A Simple Favor Movie Review

Stephanie (Anna Kendrick) is the type of character who would be in the book club that reads something like A Simple Favor. Yet the cyclone level of twists in the story might only be thought up by someone like Emily (Blake Lively) after drinking too many of her patented mid afternoon dry martinis. Paul Feig’s satiric thriller is, alas, based on a novel by Darcey Bell that probably has been read in those clubs.

This takes the issues of female empowerment found in Gone Girl or The Girl on the Train (also from literary works) and casts a black comedic cloud over it. It occasionally risks collapsing under its sheer volume of plot turns. And somehow it rarely ceases to be a hoot with two dynamic lead performances.

We meet Stephanie on her daily vlog filled with cooking tips and child rearing tips. She’s a single mom whose husband died in a car accident along with her brother. Her instinct is to do it all, including hoarding over school parenting projects. She doesn’t blink when Emily, whose kid attends school with Stephanie’s, starts asking her to be an unpaid nanny. Emily has a hectic job as PR manager for a fashion designer, the already mentioned drinking problem, and has-been writer turned professor husband Sean (Henry Golding from summer smash Crazy Rich Asians). The two end up bonding with Stephanie deeming Emily her “best friend” (there’s a bracelet involved).

Then one day Emily vanishes and Stephanie’s daily posts become a darker (though always humorous) search for a missing person. Her protective nature draws her close to Sean, so much so that the authorities begin to question their motives. What follows is a relentless stream of genre clichés: insurance claims, alternate identities, unknown twins, and love triangles, just to name some. This is kitchen sink level stuff. It’s borderline exhausting, but you get the feeling that Feig and screenwriter Jessica Sharzer know it and are furiously winking. The director is known for his straight up comedies such as Bridesmaids, The Heat, and Spy. While this does venture into paperback adapted material, it does it with tongue in cheek planted wit. This is more in tone with 1998’s under appreciated Wild Things than something like Gone Girl.
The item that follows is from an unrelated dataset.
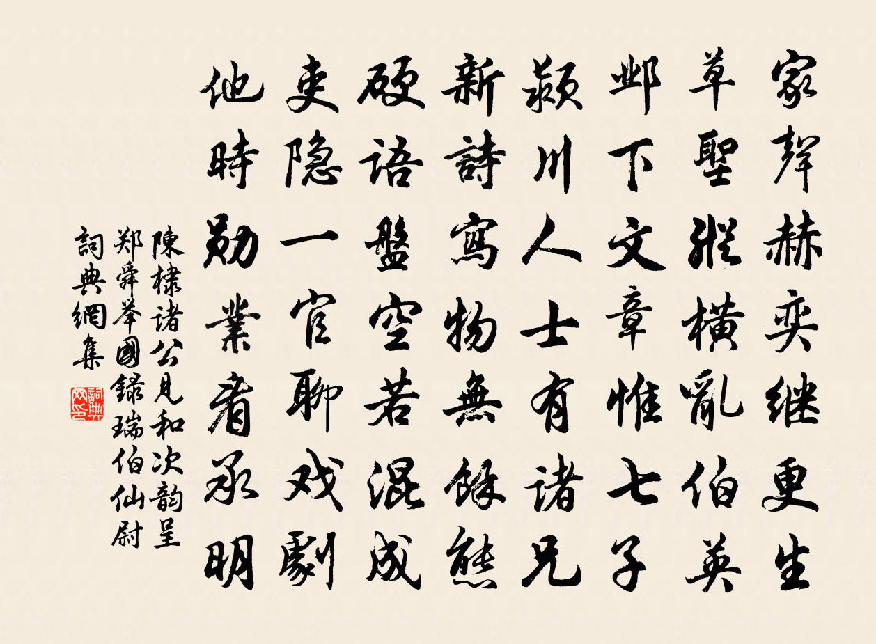 詩詞名句歷史字典書法欣賞書法字典國語詞典說文解字康熙字典古漢語字典標 題 作 者 詩 句 諸公見和次韻呈鄭舜舉國錄瑞伯仙尉作者:陳棣 朝代:宋代原文家聲赫奕繼更生,草聖縱橫亂伯英。鄴下文章惟七子,潁川人士有諸兄。新詩寫物無餘態,硬語盤空若混成。吏隱一官聊戲劇,他時勳業看承明。詩詞問答問:《諸公見和次韻呈鄭舜舉國錄瑞伯仙尉》的作者是誰?答:陳棣問:該詩寫於哪個朝代?答:宋代書法欣賞諸公見和次韻呈鄭舜舉國錄瑞伯仙尉書法作品詩詞推薦青玉案吳潛〔宋代〕黃昏先自無情緒。更幾陣、風和雨。閒把樓頭更點數。挑殘燈燼,裝成香縷。此際憑誰訴。新詞舊曲歌還住。欲說夜坐次林海山韻黃庚〔宋代〕人倚幽窗夜未闌,竹爐灰冷篆煙殘。一天露氣星辰濕,萬壑風聲草木寒。老去客懷多感慨,年來世事轉艱難。何時過景陵李商隱〔唐代〕武皇精魄久仙升,帳殿淒涼煙霧凝。俱是蒼生留不得,鼎湖何異魏西陵。保福萃長老寫師像求贊釋正覺〔宋代〕少食棗而齒黃,老飽鹽而癭亡。兔分月魄入犀角,蜂採華滋歸蜜房。源深流長,體明用光。巍巍堂堂,煒煒煌煌。題新竹示韋德卿趙蕃〔宋代〕戢戢初成茁,駸駸漸可竿。朝幽粉淚漬,午靜籜聲乾。枝且勝棲羽,陰仍合翠寒。書齋有餘暇,可以過予看。羅敷歌(採桑子·五之四)賀鑄〔宋代〕自憐楚客悲秋思,難寫絲桐。目斷書鴻。平淡江山落照中。誰家水調聲聲怨,黃葉西風。罨畫橋東。十二玉樓空更重陽高適〔唐代〕節物驚心兩鬢華,東籬空繞未開花。百年將半仕三已,五畝就荒天一涯。豈有白衣來剝啄,一從烏帽自欹斜。真成種藥苗二首其一種甖粟蘇轍〔宋代〕甖小如甖,粟細如粟。與麥皆種,與穄皆熟。苗堪春菜,實比秋谷。研作牛乳,烹為佛粥。過劉全美所居王安石〔宋代〕西崦晴天得強扶,出林知有故人居。數能過我論奇字,當復令公見異書。贈龜山慧海長老敖陶孫〔宋代〕向來縛虎正死急,今日看牛無可鞭。我提審定之兩印,十年勘盡諸方禪。浙東西山好僧相,頭目靜如秋水蓮。試令春夜竹亭贈錢少府歸藍田王維〔唐代〕夜靜群動息。時聞隔林犬。卻憶山中時。人家澗西遠。羨君明發去。采蕨輕軒冕。寄懷趙南紀二首趙蕃〔宋代〕自別匡廬去,名山不再逢。圖看白鹿洞,詩詠紫霄峰。泉石難名狀,煙雲幾許重。巾車君儻命,襆被我斯從。翫庭柳詩沈約〔南北朝〕輕陰拂建章。夾道連未央。因風結復解。沾露柔且長。楚妃思欲絕。班女淚成行。遊人未應去。為此還故鄉。塞翁吟周邦彥〔宋代〕暗葉啼風雨,窗外曉色瓏。散水麝,小池東。亂一岸芙蓉。蘄州簟展雙紋浪,輕帳翠縷如空。夢念遠別、淚痕重鶯啼序(感懷)劉辰翁〔宋代〕匆匆何須驚覺,喚草廬人起。算成敗利鈍,非臣逆睹,至死後已。又何似、採桑八百,看蠶夜織小窗里。漫二升自和劉逸老題羅漢壁間韻李處權〔宋代〕僧房元寂寂,客意遂陶陶。詩筆翻雲錦,茶甌捲露濤。鴉歸寒日下,雪盡遠峰高。尚喜王喬近,吹笙坐碧桃。薛端明挽章三首曹彥約〔宋代〕客本何為者,逢公幕府開。兵間雖有志,度外本非才。流不音何在,高風首屢回。只今岩石望,寧忍泰山頹。秋思陸游〔宋代〕烏柏微丹菊漸開,天高風送雁聲哀。詩情也似並刀快,翦得秋光入捲來。送王庾宋祁〔宋代〕土甑殘炊黍,津航促扣舷。雲迷孝王苑,星認太丘躔。破瑟弦鵾舞,吟囊錦獸鮮。晚淮他夜月,離思共娟娟。莫折花文同〔宋代〕莫折花,花好亦自喜。勿謂花無言,請以君心酌花意。君容待花轉豐艷,花枝因君愈憔悴。莫折花,任花飛落地。名句推薦人生大病,只是一傲字。王陽明《傳習錄·卷下·門人黃以方錄》 少年射虎名豪,等閒赤羽千夫膳元好問《水龍吟·從商帥國器獵於南陽同仲澤鼎玉賦此》 生生死死,非物非我,皆命也,智之所無柰何。列子及其弟子《列子·力命》 銅壺漏報天將曉,惆悵佳期又一年。羅隱《七夕》 醉別江樓橘柚香,江風引雨入舟涼。王昌齡《送魏二》 風緊雁行高,無邊落木蕭蕭。納蘭性德《河瀆神·風緊雁行高》 醉後莫思家,借取師師宿。晏幾道《生查子·落梅庭榭香》 聞君有兩意,故來相決絕。卓文君《白頭吟》 晚春盤馬踏青苔,曾傍綠陰深駐。晏幾道《御街行·街南綠樹春饒絮》 雲中亂拍祿山舞,風過重巒下笑聲。杜牧《過華清宮絕句三首》

Kendrick and Lively are the show here and their chemistry makes it work. Stephanie’s desperation for companionship is sold by Kendrick, who thinks she’s found someone special beyond her unseen blog watchers. She’s done so with Emily, whose back story is filled with too many secrets to keep track of (you will lose count). Lively has a ball revealing them. So do we once we realize keeping up with it all is secondary to its ridiculous and fun nature.

*** (out of four)

Nerve Movie Review

Henry Joost and Ariel Shulman’s techno thriller Nerve boasts a fairly cool concept that is mostly squandered under typical genre cliches. These are the directors responsible from 2010’s documentary (?) Catfish, where revelations about the dark side and fictitious nature of the Internet seemed somewhat new and novel. This pic takes its story from a 2012 novel where online game Nerve dares its players to complete tasks that increasingly become deadlier.

Vee (Emma Roberts) is a shy Staten Island high school senior with a domineering and trampy BFF (Emily Meade) and meek other BFF (Miles Hezier) that has a serious crush on her. She’s also got a single mom (Juliette Lewis) whose character is written as a complete moron when you stop and think about it. There’s also her dead brother and that unexplained backstory seems a bit unneeded.

Back to the game that shares its title with the movie. Vee decides to get out of her comfort zone and become a Player (the other option is being a Watcher and there’s a bunch of them). It starts out innocently when she has to kiss a stranger named Ian (Dave “The Other Franco” Franco). He turns out to be a Nerve Player as well and the two are directed by the unseen forces to team up.

The screenplay by Jessica Sharzer attempts to make some broad points about Internet fame and the youth culture’s obsession with their social media devices. At first, the concept of Nerve (both the film itself and the game) is kinda fun for us to watch and be voyeurs to, like when Vee has to decide whether to steal a pricey dress from Bergdorf’s.

Yet as the challenges for Vee and Ian become more risky, Nerve becomes far less believable, considerably less enjoyable and far more trapped in the cliches of any run of the mill thriller. None of the cast necessarily shines, but everyone is essentially playing a stereotype so it’s probably not their fault. As a huge fan of 90s hip hop, I did appreciate the Wu-Tang Clan references due to Vee hailing from Staten Island, so there’s that. There’s also the sight of The Other Franco serenading a restaurant to Roy Orbison. At least some solid music interrupts the mostly disappointing Nerve on occasion.